付表1. 生垣内の若木密度とセンダン、トウネズミモチの樹下で回収された種子の割合(%)。出現タイプはA: 若木も回収種子ともにあり、B: 若木はあったが、回収種子なし、C:種子は回収されたが若木はなし。



 表のタイプAは本調査で若木が確認され、散布種子調査でも回収された種であり、13種が確認された。
 タイプBは生垣に若木が確認されたが、散布種子は回収されなかった11種で、このうちアカメガシワとクワ属は夏に結実するが、種子回収調査を冬(12月から2月まで)におこなったため回収されなかった可能性が大きい。他の9種は種子回収調査の範囲では運び込まれなかったと考えられる。
 タイプCはこれとは逆に、種子は回収されたにもかかわらず生垣に若木が確認されなかったもので、9種があった。このうちセンダンとモチノキは調査対象以外の生垣では確認したが、数は少ない。クロガネモチは種子がセンダンの樹下で多数回収されたが若木は確認されなかった。タイプCは種子散布されても生垣では発芽しにくいか、発芽後の生存率が低いと考えられる。
 野鳥について定量的なカウントはしていないが、最も頻繁に観察されたはヒヨドリである。そのほかではムクドリやハシブトガラスが果実を採食するのが観察された。これらの野鳥が生垣に止まって種子を吐き出したり糞を排泄することで種子散布していることの実態の一部が明らかになった。都市においては特に森林に生息し、生息地選択や食性などが特殊化した鳥類は減少し、融通が効く「ジェネラリスト」が相対的にも、絶対数でも増加するとされる(Clavel et al. 2011White et al. 2018)。ジェネラリストは食性幅も広いから、さまざまな果実を食べ、種子散布する。
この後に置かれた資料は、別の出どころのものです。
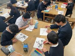 北斎美術館の方を講師としてお招きし、北斎についての授業を行っていただきました。今も愛され、様々なところで活用される北斎の絵に、親しむことができました。

スペインのある都市緑地ではズグロムシクイ(Sylvia atricapilla)というジェネラリストが主要な種子散布者で、特にヨウシュヤマゴボウを散布しているという(Cruz et al. 2013)。東京圏ではヒヨドリがその典型例であろう。実際、1970年代に盛んに植栽されたトウネズミモチの分布拡大は鳥類によるものだとされる(吉永・亀山 2001)。本調査でも生垣内で最も多かった若木はトウネズミモチであった。同時にムクノキとエノキも多く、在来の高木種も高頻度に散布されていることがわかった。霊園での生垣は定期的に剪定されるから、これらの若木が大きく育つことはないが、この事例からわかることは、都市緑地にこれらの種子が散布され、若木も生育しているということである。これらほど数は多くないが、そのほかにも多種の樹種が種子散布され若木が育っていることが確認された。このことから、都市緑地においてヒヨドリを中心として野鳥が樹林の動態に影響しているのは確実と考えられる。このことは都市緑地の生物多様性を考える上でも参考にされて良いことであろう。